#### [Action item]
Write the records out again exactly as they read, dropping any picture they hold.

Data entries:

------------------------------

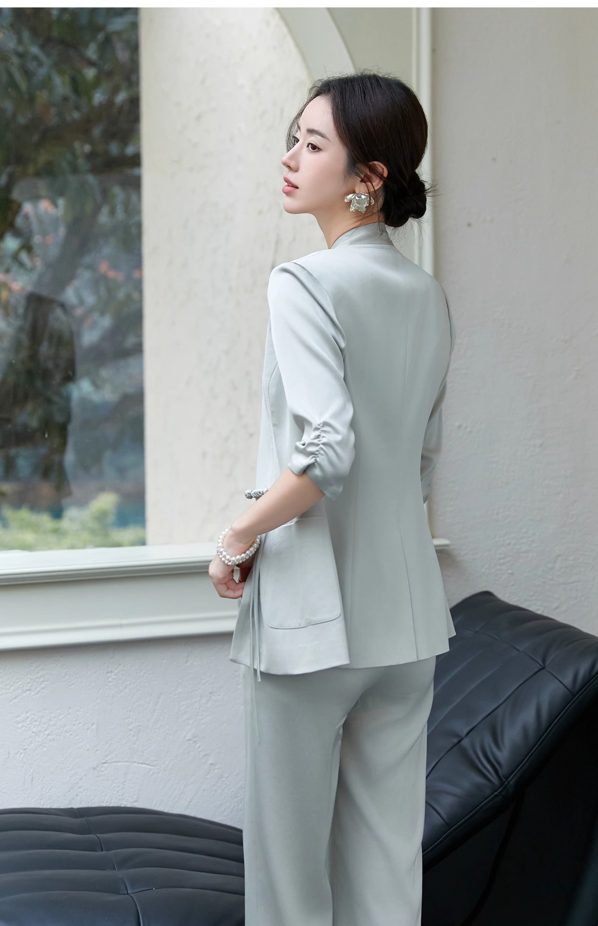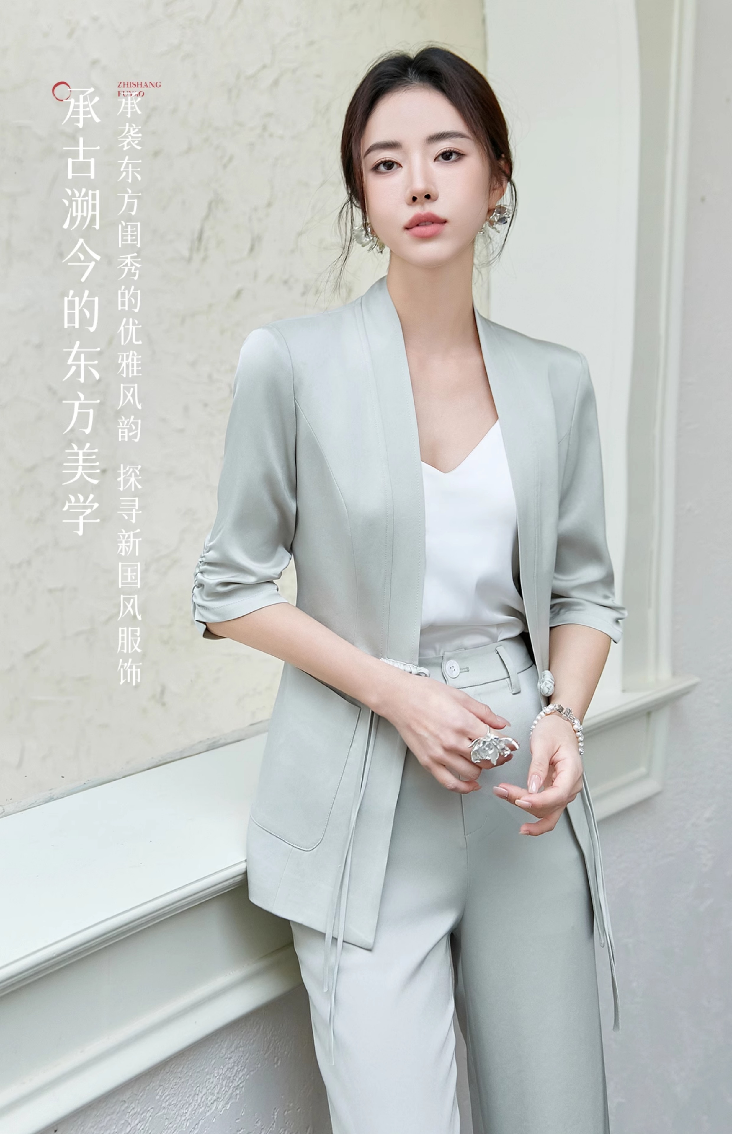 FUYAO扶摇 新中式盘扣西装两件套女2025春夏新款时尚套装国风女装
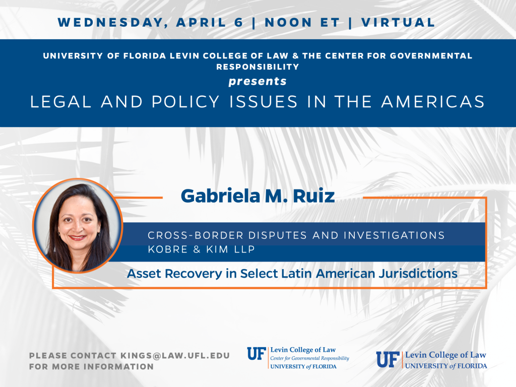 Gabriela M. Ruiz, Kobre & Kim LLP, presents Asset Recovery in Select Latin American Jurisdictions. Please contact kings@law.ufl.edu for more information.
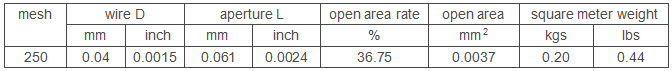 250 mesh plain weave stainless steel wire mesh including 250 wires and openings of 1 inch Using 0.04mm diameter wire, by plain weaving, woven 250 mesh opening for 0.061mm liquid or gas filter.. This wire diameter and mesh with ratio reasonable, therefore weave structure is very strong. After 13 whole weaving process, so that the mesh surface flatness better
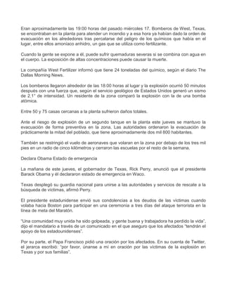 La explosión en una planta de fertilizantes en West, Texas causó entre 5 y 15 muertes y más de 160 heridos. Un video capturó el momento de la explosión, la cual ocurrió mientras los bomberos atendían un incendio en la planta. Las autoridades ordenaron la evacuación preventiva de la mitad de la población local debido al riesgo de una segunda explosión. El presidente Obama declaró estado de emergencia en la zona afectada.
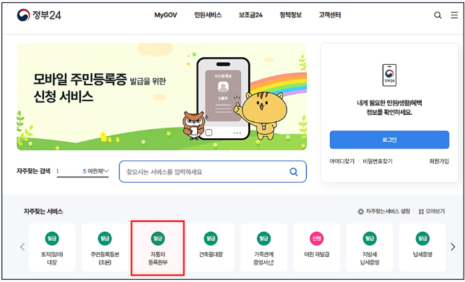 · 접속 후, ‘자주 찾는 서비스’ → ‘자동차등록원부’ 검색 또는 클릭
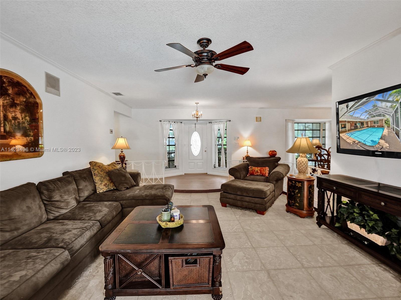 Nestled in the heart of Plantation, here is a must-see opportunity to live in a well-regarded neighborhood in Plantation Secluded Gardens. Enjoy single-floor living in this spacious and charming 4-bed, 3-bath home, plus bonus room that can be used as an office or art room. In the kitchen, fresh updates boast granite countertops and stainless steel appliances. The oversized corner lot features two separate driveways, fruit trees, a screened-in pool, an outdoor shower, a built-in BBQ grill, and blacktop court. The two-car garage features built-in shelving and storage space. The front door is an easy walk to Liberty Tree Park and just a short drive to Plantation Walk, Broward Mall, Downtown, Fort Lauderdale Airport and the beaches. This home is a blank canvas for your lifestyle and memories!
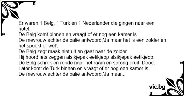 Er waren 1 Belg, 1 Turk en 1 Nederlander die gingen naar een hotel.
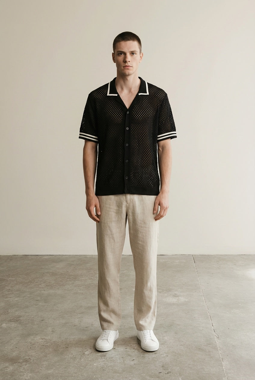 Camisa de manga corta de viscosa orgánica con ribete en contraste en cuello y mangas, botones de plástico reciclado, un bolsillo en el pecho izquierdo

------------------------------

#### [Solved exercise]
 FUYAO扶摇 新中式盘扣西装两件套女2025春夏新款时尚套装国风女装
 Gabriela M. Ruiz, Kobre & Kim LLP, presents Asset Recovery in Select Latin American Jurisdictions. Please contact kings@law.ufl.edu for more information.
 250 mesh plain weave stainless steel wire mesh including 250 wires and openings of 1 inch Using 0.04mm diameter wire, by plain weaving, woven 250 mesh opening for 0.061mm liquid or gas filter.. This wire diameter and mesh with ratio reasonable, therefore weave structure is very strong. After 13 whole weaving process, so that the mesh surface flatness better
 La explosión en una planta de fertilizantes en West, Texas causó entre 5 y 15 muertes y más de 160 heridos. Un video capturó el momento de la explosión, la cual ocurrió mientras los bomberos atendían un incendio en la planta. Las autoridades ordenaron la evacuación preventiva de la mitad de la población local debido al riesgo de una segunda explosión. El presidente Obama declaró estado de emergencia en la zona afectada.
 · 접속 후, ‘자주 찾는 서비스’ → ‘자동차등록원부’ 검색 또는 클릭
 Nestled in the heart of Plantation, here is a must-see opportunity to live in a well-regarded neighborhood in Plantation Secluded Gardens. Enjoy single-floor living in this spacious and charming 4-bed, 3-bath home, plus bonus room that can be used as an office or art room. In the kitchen, fresh updates boast granite countertops and stainless steel appliances. The oversized corner lot features two separate driveways, fruit trees, a screened-in pool, an outdoor shower, a built-in BBQ grill, and blacktop court. The two-car garage features built-in shelving and storage space. The front door is an easy walk to Liberty Tree Park and just a short drive to Plantation Walk, Broward Mall, Downtown, Fort Lauderdale Airport and the beaches. This home is a blank canvas for your lifestyle and memories!
 Er waren 1 Belg, 1 Turk en 1 Nederlander die gingen naar een hotel.
 Camisa de manga corta de viscosa orgánica con ribete en contraste en cuello y mangas, botones de plástico reciclado, un bolsillo en el pecho izquierdo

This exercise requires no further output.